Summer in the city: Yesterday was the Siren Festival at Coney Island, and though there were a few bands I would have like to have seen, it was too damn hot to join the indie-themed masses gathered on the blacktop drinking warm beer and complaining about how damn hot it was. So a couple of friends and I decided to show our local stripes and hop the free Ikea ferry (awesome) to Red Hook (awesome), where we unhesitatingly bypassed the superstore and headed to the ballfields. To play ball, you ask? Hell no. For a Latin feast, natch.

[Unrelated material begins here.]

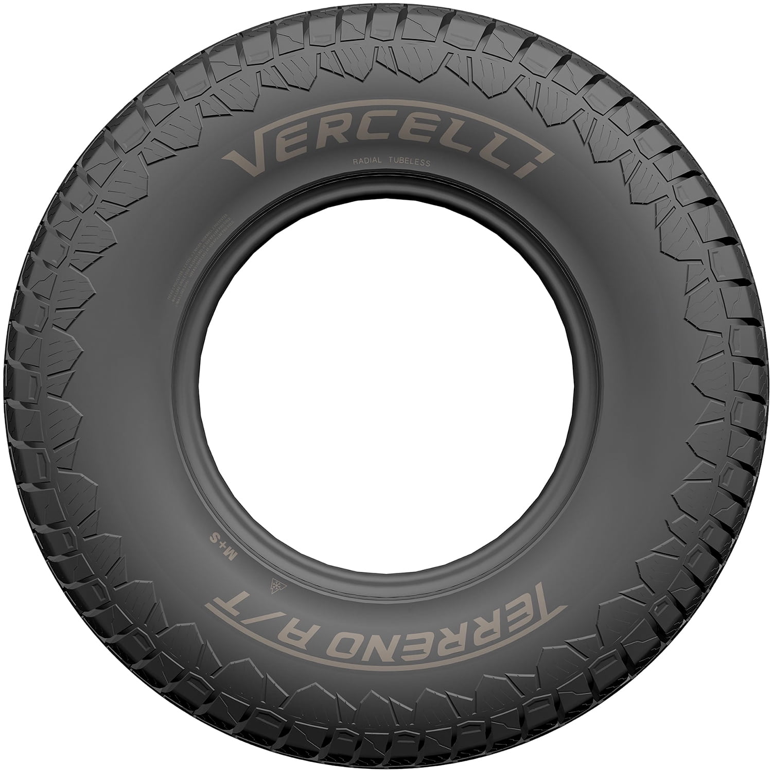 Vercelli Terreno A/T OVERVIEW The Vercelli Terreno A/T is an all terrain, all weather tire manufactured for SUVs and light trucks. Vercelli offers a 50,000 mile treadwear warranty with this model. The tire enhances its all terrain performance. The stable footprint features staggered blocks and wider grooves, which enables the tire to significantly enhance its on-road and various terrain traction. These tread elements provide the needed biting edges in order to enhance its soft, loose, and uneven terrain performance. They help to enhance the tire’s consistent forward motion, while also increasing its self-cleaning ability. The tread pattern disperses mud and snow, preventing them from blocking its surface contact. Stone retention is also effectively avoided as rocks are ejected from between the tread elements. Stronger compound elements and stable tread elements upgrade the tire’s service life. These tread elements enable the tire to upgrade its pressure circulation across the tread area. In this manner, the tire avoids irregular wear, allowing pressure build-up on sensitive tread parts. The strengthened rubber materials decrease the treadwear rate, by using wear-resistant elements. This significantly lowers its overall wear rate, boosting the model’s tread life. The tread’s consistent road and terrain contact enhances its controllability. The tire manages to increase its steering responsiveness and driving stability, promoting better handling. As a result, the tire helps to offer a quick and precise steering response to the driver’s commands, while the structure is secured against driving pressure. This helps to effectively enable the driver’s better control over the vehicle at all times. During the on-road drive, the variable pitch pattern lowers the tire’s road noise levels. This tread design helps to minimize the levels of sound waves reaching the vehicle’s cabin. The tread’s variable pattern generates a sound-canceling frequency that negates sound waves before they can reach the passengers. As road disturbances do not ruin the passenger’s driving enjoyment, offering a quiet driving experience. The Terreno A/T enhances its all weather traction. The compound and the detailed footprint allow the tire to increase its dry, wet, and winter grip. These elements firmly grip the road, by using additional biting edges. The stronger compound helps to optimize rubber flexibility in versatile weather conditions. The ideal groove pattern disperses water and slush from the footprint, preventing hydroplaning during the tire’s on-road performance. All weather tires receive the three mountain peak and snowflake (3PMS) symbol for their exceptional winter weather performance. They are all season tires with extra winter weather grip, in order to guarantee safer year-round durability. This ensures their true and secure driving ability throughout the year. Not all tire sizes are suitable for all vehicle types. Please refer to the item specifications for accurate information about vehicle type fitment for this particular size. Manufacturers recommend changing tires every 10 years. As long as tires are properly stored before they are sold, the year of their manufacture will not shorten their service life.

Yesterday was opening day of the Red Hook Ballfield Food Vendors summer season, and it was phenomenal. Heaven is the innumerable vendors hawking ethnic variations of the pork-beans-cornmeal trifecta. There were Ecuadoreans selling pickled cabbage enchiladas, Salvadoreans papusas and plantains, Mexicans tacos and huaraches, and Colombians seeking revenge by sending their gringo customers away with plates loaded with enough steak and sausage to ensure an early death. There was corn on a stick and smoothies and horchata and fried sweet bean and plaintain donuts. There was Ballantine's in a brown paper bag sipped through a straw. And though there were times when, due to the deliberate pace of our Latin friends getting in line seemed akin to stepping into a Beckett novel, by and large everybody who had trekked to the Brooklyn hinterlands understood that their patience would be handsomely rewarded.
Word to the wise: you don't go to Red Hook just to pick up a taco or two and be on your way. This is a full day's worth of waiting and eating, and strategy is required if you're going to maximize your time. I would suggest beginning at the southernmost vendor, which yesterday was occupied by the Colombians, and ordering something to munch on while you get in line for the next vendor. Repeating this tactic 5 or 6 times will take 3 or 4 hours, but will result in a comprehensive tour of Central and South American street cuisine. If you need to there is plenty of shade in which to lay down and take a nap; alternatively, you could pop into the Ikea and pay penitence for your gluttony by walking the either delightfully confusing or maddeningly deceptive aisles which are themselves reminiscent of Managua.
Oh, and if you're keeping track: This is why I'm awesome.